— Work to complete —
Output the lines of the listing below exactly, starting at the line containing "कञ्चनपुर:आशन्न बैशाख ३०" and stopping after the last line, with any pictures dropped.
** Dataset content follows **
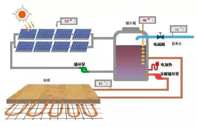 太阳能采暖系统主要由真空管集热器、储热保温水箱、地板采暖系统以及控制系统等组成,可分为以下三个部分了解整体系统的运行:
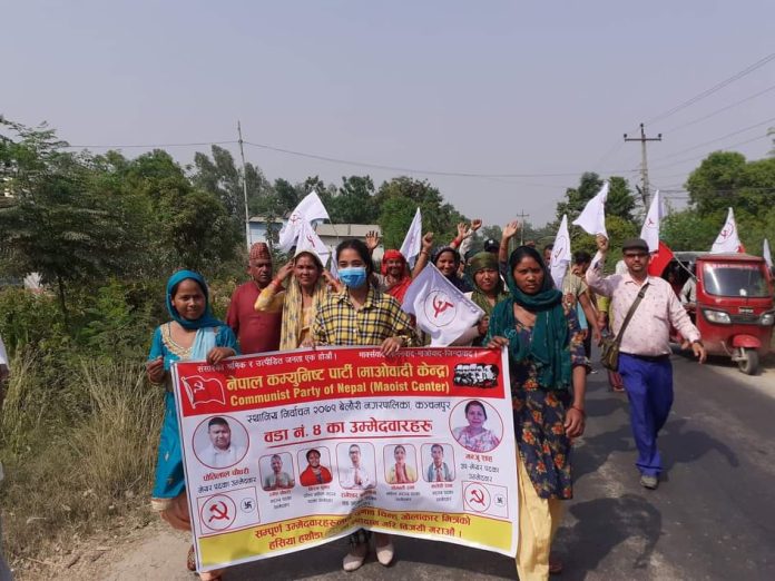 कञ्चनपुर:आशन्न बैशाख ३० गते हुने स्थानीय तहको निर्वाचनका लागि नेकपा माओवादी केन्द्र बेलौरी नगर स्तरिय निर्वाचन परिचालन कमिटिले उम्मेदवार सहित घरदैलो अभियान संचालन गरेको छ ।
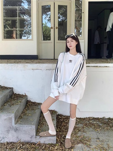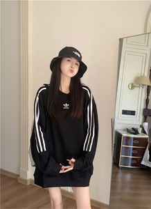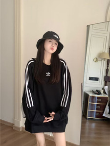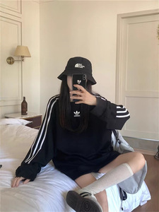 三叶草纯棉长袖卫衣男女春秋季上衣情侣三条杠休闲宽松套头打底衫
** End of Dataset content **
— Task answer —
 कञ्चनपुर:आशन्न बैशाख ३० गते हुने स्थानीय तहको निर्वाचनका लागि नेकपा माओवादी केन्द्र बेलौरी नगर स्तरिय निर्वाचन परिचालन कमिटिले उम्मेदवार सहित घरदैलो अभियान संचालन गरेको छ ।
 三叶草纯棉长袖卫衣男女春秋季上衣情侣三条杠休闲宽松套头打底衫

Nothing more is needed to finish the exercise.